I think the story is pretty deep and rewarding for fans of the previous games, especially MGS3, but for newcomers they may be confused and will not get many references. Which is ok because the gameplay is magnificent. Kojima had to make a story that was both self-contained (for new players) and simultaneously referencing and commenting on a canon stretching over half a dozen other titles. All while having his game chopped into pieces (anyone who says "it isn't finished" is just stating the obvious from before GZ's release). This is an insane feat and I feel like he did a wonderful job.

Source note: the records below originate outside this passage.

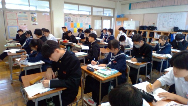 3年・理科・エネルギーのまとめ 公開日 2025/11/11 更新日 2025/11/10 3学年 11月10日(月) 4限 3年2組の理科の授業です。位置エネルギーや運動エネルギー、熱エネルギーなど、これまでに学習してきた様々なエネルギーについてまとめています。それぞれのエネルギーを求めるための計算方法が異なるので、3年間で学んできたことの復習がとても大切になってきます。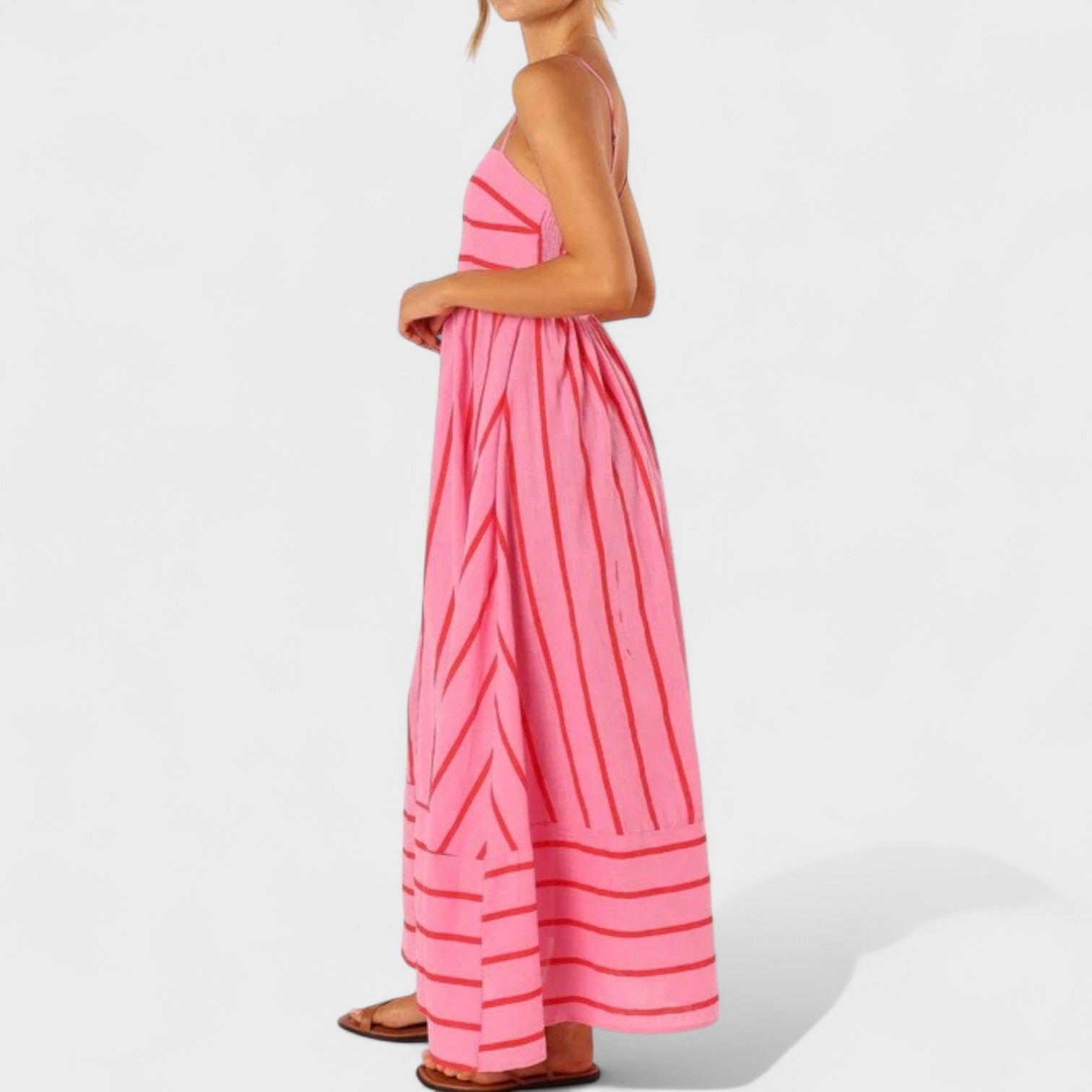 Tobulas Viduržemio jūros gaivumo ir atsipalaidavusios elegancijos derinys. Suknelė Isabel yra jūsų naujas būtinas drabužis saulėtoms dienoms, kurios turi būti nepamirštamos. Nuo pasivaikščiojimo saulėlydyje iki pietų prie jūros, ši suknelė lydi jus su stiliumi ir laisve.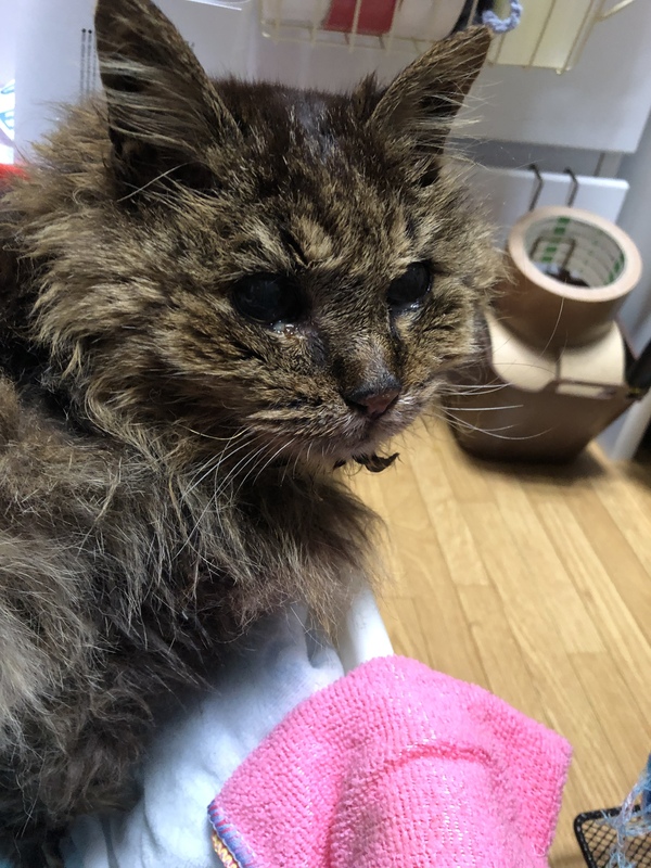 | 里親募集する理由 | 近所で飼われていた猫らしいのですが、そこが引越すと共に猫だけ置いていかれてしまい、長年ほかの近所の方が餌をあげてきたいわゆる地域猫です。 私がこの子を知ったのはここ2年くらいです。 9月25日に、道に倒れているところを地域外の方が発見され、警察に通報、警察に保護されたため、同月28日に私が引き取りに行き、現在自宅で保護しております。 一応、猫は引き取ったその日のうちに病院に連れて行って血液検査して頂き、結果としては長年の野良生活からくる毛玉が酷いことを除けば年齢(推定でも13歳以上?)のわりには酷い数値ではないことが分かりました。 血液検査のみなので肺ですとか、他の血液検査で分かるもの以外は現在まだ分かっていません。 ただ年が年ですので後ろ足が踏ん張れずヨボヨボしています。猫特有の上下運動は殆どしません。 目はあまり見えていないようですが私の部屋をうろうろすることは可能なようです。基本的にはじっとしているか寝ているか、という感じです。 本来ならば引き取ってきた私が最期までお世話すべきですが、恥ずかしながら経済的な面はもとより、住居の面でも自分で最期までお世話してあげることが難しいのが現状です。 (経済的余裕がないのに猫を引き取るなというご批判、理解しています。) どうかこの猫ちゃんに良きご縁をお願い致します。 |

At the time of release we were blinded by all the negative publicity (FuckKonami making it narratively convenient that the game be bad) and lazy journalism (not taking the time to engage w it in any way beyond a value judgement). It's going to take a few years, probably a couple of long youtube series by film and literature majors, but eventually people will see how brilliant this game is.
 
I keep wanting to play mgsv because the gameplay. I loved ground zeroes, which I played for free. It was just a cool stealth experience.

I get so quickly turned off by horrible story though. I loved mgs3 snake eater until I met the cat meowing fruit cake and quit when a dude was killing me with swarms of bees. Shit is stupid lol
 

KOMANI

KOMANI
I keep wanting to play mgsv because the gameplay. I loved ground zeroes, which I played for free. It was just a cool stealth experience.

I get so quickly turned off by horrible story though. I loved mgs3 snake eater until I met the cat meowing fruit cake and quit when a dude was killing me with swarms of bees. Shit is stupid lol
I would take the jump if i were you. The gameplay is more refined than in GZ, and for at least the first 10 missions you’ll be enthralled with its atmosphere. This is coming from someone who prefers GZ over TPP.
 
I would take the jump if i were you. The gameplay is more refined than in GZ, and for at least the first 10 missions you’ll be enthralled with its atmosphere. This is coming from someone who prefers GZ over TPP.

I think I will on a rainy day. Play it and see if I can tolerate the awkwardness or find it in my heart to laugh at it instead of cringe/roll my eyes.